Donald Trump’s ownership stake in TKO Group Holdings drew fresh scrutiny as the UFC moved ahead with a White House fight tied to his public role and his private wealth. The Trump Organization says the president has no control over his stock positions, including TKO, but the timing of the disclosure has fueled questions about whether a passive ownership claim can really separate Trump from the financial upside of an event that benefits a company he owns.

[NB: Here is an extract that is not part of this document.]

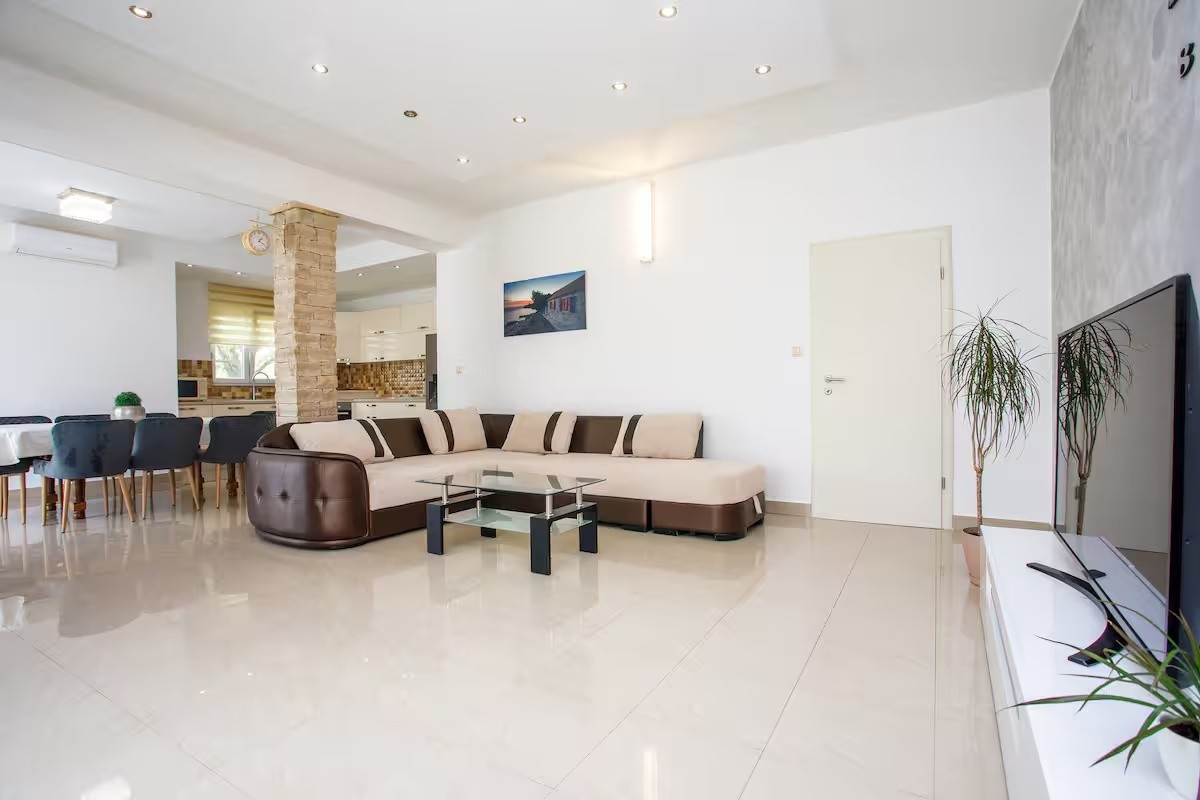 House can accommodate 10 guests. Beds are situated in 3 sleeping rooms, but also in the living room, within 190m2. Guests can use a private terrace to enjoy the warm summer evenings. For full enjoyment and relaxation there is a private barbecue for this accommodation guests only. During stay, there is a private pool for relaxation and pleasure. INCLUDED IN THE PRICE: tourist tax, final cleaning, air-conditioning, pool, parking, internet, bicycle, baby cot, iron, ironing board, hairdryer, sunshade, sunchairs. OBLIGATORY ADDITIONAL COSTS: short stay fee (surcharge depending on a number of booked nights: 30% - 1, 20% - 2, 10% - 3). The availability of additional services for your chosen dates of stay, as well as their prices (if none are listed) must be checked ahead of time. Any additional services not shown in the price calculation are payable directly to the property owner and only if used by the visitor. Discounts to the base price: free day 21=19 (for reservations of 21 or more days you get 2 free days for the stay until 31122026).

Financial disclosure reporting showed Trump bought between $15,001 and $50,000 of TKO stock on March 25, 2026, and the purchase was disclosed in a May 12 filing. TKO is the parent company of the Ultimate Fighting Championship, and UFC Freedom 250 was scheduled for June 14, 2026, on the White House South Lawn in Washington, D.C. The card was being billed as a live event from the White House, streamed on Paramount+ in the United States and presented by Crypto.com and Ram. It was tied to the nation’s 250th anniversary and to Trump’s 80th birthday on June 14, 2026.

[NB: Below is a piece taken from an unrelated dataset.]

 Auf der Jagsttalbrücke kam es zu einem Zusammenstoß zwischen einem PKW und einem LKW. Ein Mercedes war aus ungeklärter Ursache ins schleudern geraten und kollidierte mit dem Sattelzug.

The show was being described as the first professional sports event ever hosted on White House grounds, making the overlap between public office and private financial interest unusually stark. TKO’s own filings underscore why the event matters commercially: its 2025 annual report said UFC set eight new all-time-high grossing event records that year, and its February 25, 2026 earnings release said revenue rose 12% in the fourth quarter to $1.038 billion, including $401.4 million at UFC. TKO Group Holdings was formed when WWE and UFC were combined under the TKO name after the Endeavor-WWE deal closed on September 12, 2023.

AI-generated illustration
AI-generated illustration

The disclosure immediately prompted ethics criticism. Jordan Libowitz of Citizens for Responsibility and Ethics in Washington said, “Grifting has always been an issue in Donald Trump’s presidency, but now the mask is off,” while former White House ethics lawyer Richard Painter said that if Trump could influence stock price through official actions, “it would create a conflict of interest that should be prohibited.” A lawsuit filed in early June sought to stop the White House UFC event, arguing that the setup lacked congressional approval and pointing to VIP packages reportedly priced between $1 million and $1.5 million per head. The dispute has turned the UFC fight into a test case for the blurred line between presidential power and private wealth.